3Dlabs can be proud to be among the first gaming texture mapping 3d accelerator to the PC. However, Gaming Glint was not very useful and did not gain the company any valuable mindshare. The next chip Permedia 1000 started only with OpenGL and other drivers for professional applications. Still, their owners were among the lucky few of the time who could enjoy accelerated GlQuake. "Pervasive 3D" strategy enough for 3Dlabs to keep reaching for mainstream. When second-generation Permedia arrived in the market in the fall of 1997 with support for both Direct3D and OpenGL, gamers were watching. It was quite an advanced chip with significantly higher per clock performance than the first Permedia. It kept high quality, high resolution output qualities of professional boards, and seemed future proof for the time. It newly integrated beefy DMA engine, AGP interface, full triangle setup, true color 3d calculations and much improved video engine with MPEG2 acceleration.

The card

Nothing much to get excited about, Permedia 2 boards look simple, cost-efficient.

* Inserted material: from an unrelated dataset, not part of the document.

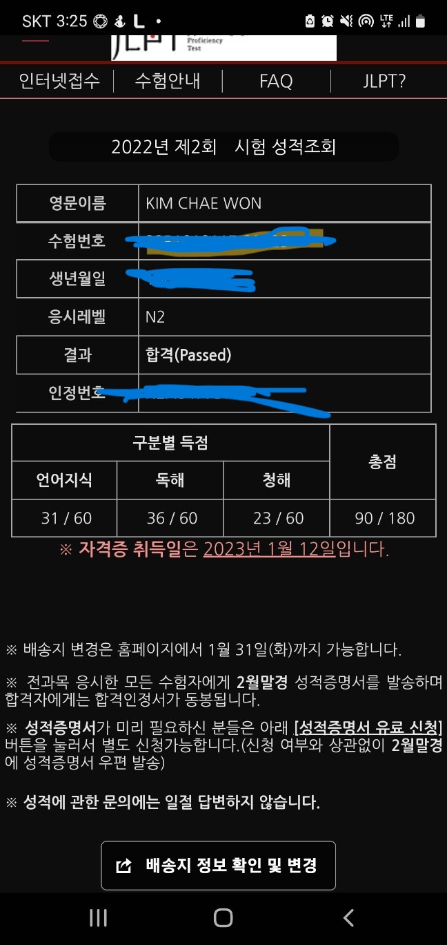 2022년 12월 JLPT 시험 합격했습니다.
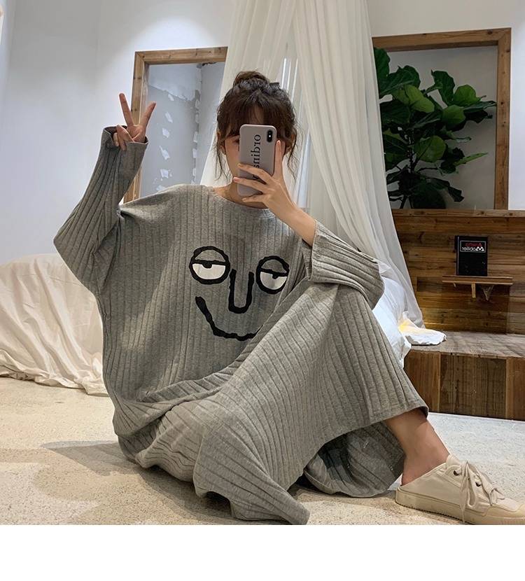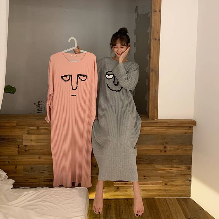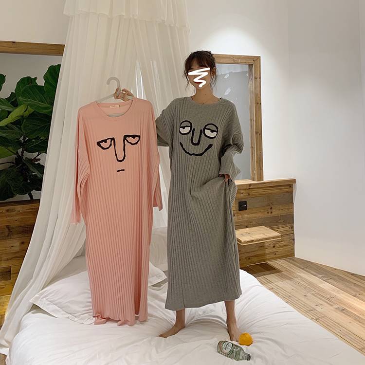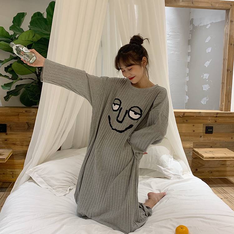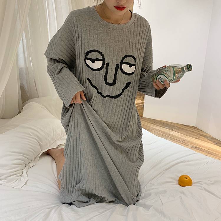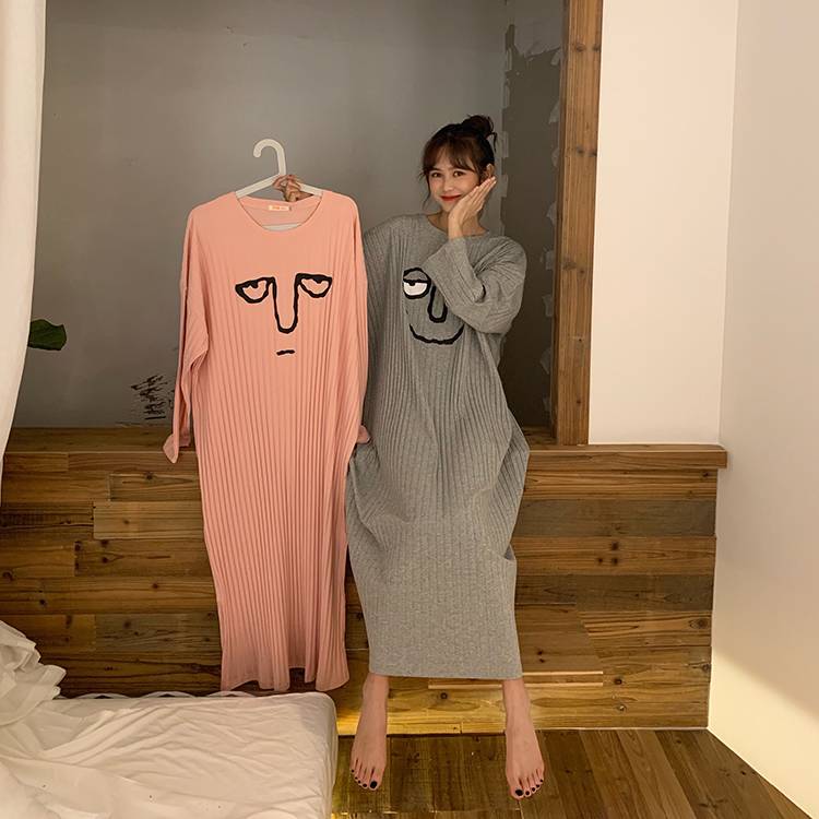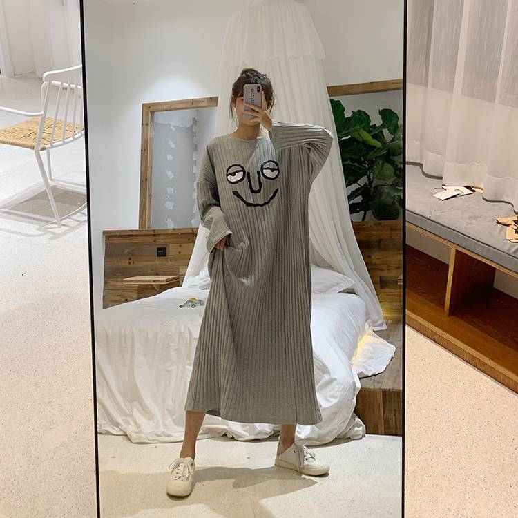 ルームウェア レディース かわいい ワンピース パジャマ 春 秋 綿 長袖 カジュアル 寝巻き 部屋着 ホームウェア 大きいサイズ xl 2xl グレー ピンク シンプル ラフ ゆ ネイビー

Creative Labs surprisingly avoided first Permedia, but they came back to 3Dlabs for the second. By that time the CGL API was history, so there is no 3D Blaster compatibility with exception of Battle Arena Toshinden 2.5. The card in the review is Graphics Blaster Exxtreme Value Edition, with 4MB of SGRAM and AGP bus it well represents the game-centric choice of Permedia 2 board. 8 MB cards were also common and would do a bit better though. Either my card is unlucky or Creative pushed this one to the max. Permedia 2 is specified to run at 83 MHz and all cards I've seen used synchronized SGRAM memory. However, Entech softwares are reporting chip clock of 2/3 of memory, if this is correct then it would be even lower than the first revision of the first Permedia chip. From CT6620's 82 MHz you cannot gain more than two megahertz without running into artifacts. That's why there aren't overclocking results. It wasn't until Permedia 2V die shrink that clocking got some headroom (~15%). Under the heatsink, you would find the Texas Instruments logo as well and the chip is also known under their codename as TVP4020. The alliance continued, Permedia 2 integrates TI's 230 MHz DAC with 256x32 bit texture lookup table supporting four and eight-bit paletted textures. The last generic Permedia 2 driver version 2105 from April 1999 is used.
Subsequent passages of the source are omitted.